A Meta spokesperson acknowledged that the tools wouldn’t be useful to all creators, but said they had seen them help creators who are just starting out and that, overall, Instagram wanted to do more to give creators advice to achieve their goals. On the gamification front, the spokesperson said the “last thing” the company wanted to do was add more pressure on creators and emphasized that the features were optional, private and relatively low-stakes.

“This is a feature intended to help creators set goals in the app, as we are already seeing creators do this themselves when setting personal challenges,” the spokesperson said . “We want to help creators set the appropriate goals and milestones that we believe will help them succeed on the platform.”

Ultimately, Instagram badges aren’t the end of the world. At best, they’re just hamburgers. At worst, they seem a little lame and add to the vibe that Instagram is becoming a platform for old people. Grant sent me a screenshot of her achievements, none of which she has earned yet, and noted that she had never looked at them before I asked her about them. I texted my most famous friend on Instagram – who has a business account – to ask about her badges, and she sent me a screenshot of something different because she didn’t know what I was talking about.
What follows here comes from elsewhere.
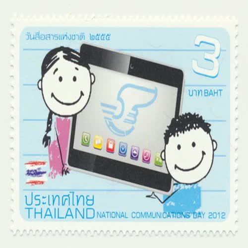 แสตมป์ วันสื่อสารแห่งชาคิ ๒๕๕๕ ได้รับใบอนุญาตภายใต้ ให้เผยแพร่-โดยต้องระบุที่มาแต่ห้ามดัดแปลงและห้ามใช้เพื่อการค้า 3.0 Thailand.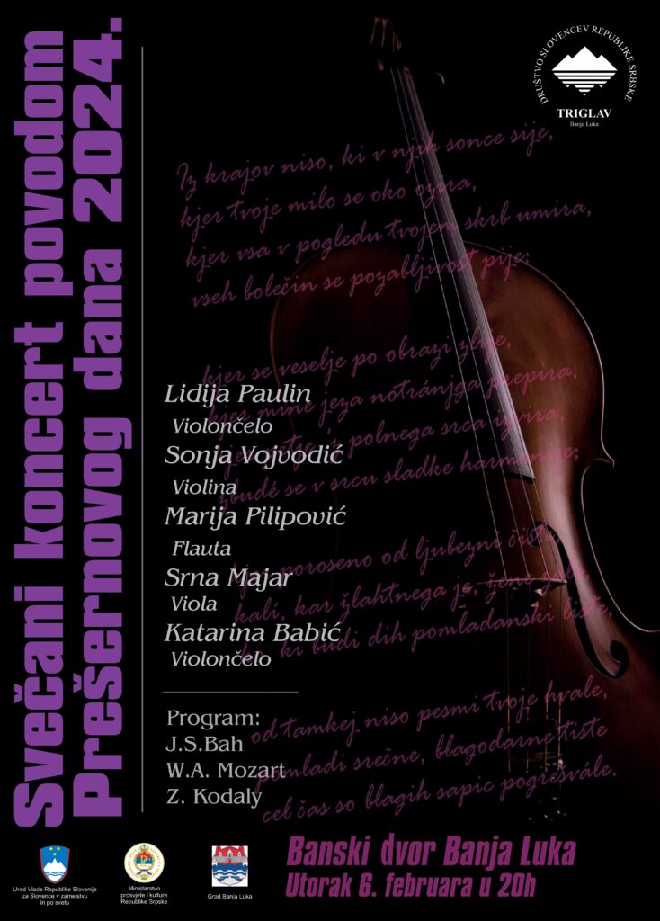 V torek, 6. februarja, s pričetkom ob 20. uri, je v banjaluškem hramu kulture Banski dvor pred slovenskim kulturnim praznikom v organizaciji Društva Slovencev Triglav potekal koncert komorne glasbe. Kot vsako leto so se Triglavčani potrudili Banjalučane počastiti s...

Instagram badges are not yet widely available to all users, and a Meta spokesperson said they had nothing to share about whether they eventually would be. In the meantime, the question of badges seems rather neutral, even negative. Of all the accomplishments to worry about, publishing a story seven days in a row isn’t a particularly ambitious step, and it’s difficult to gamify a social media landscape that is already, by and large, a game.


Emilie Stewart is a senior correspondent at Business Insider, writing about business and economics.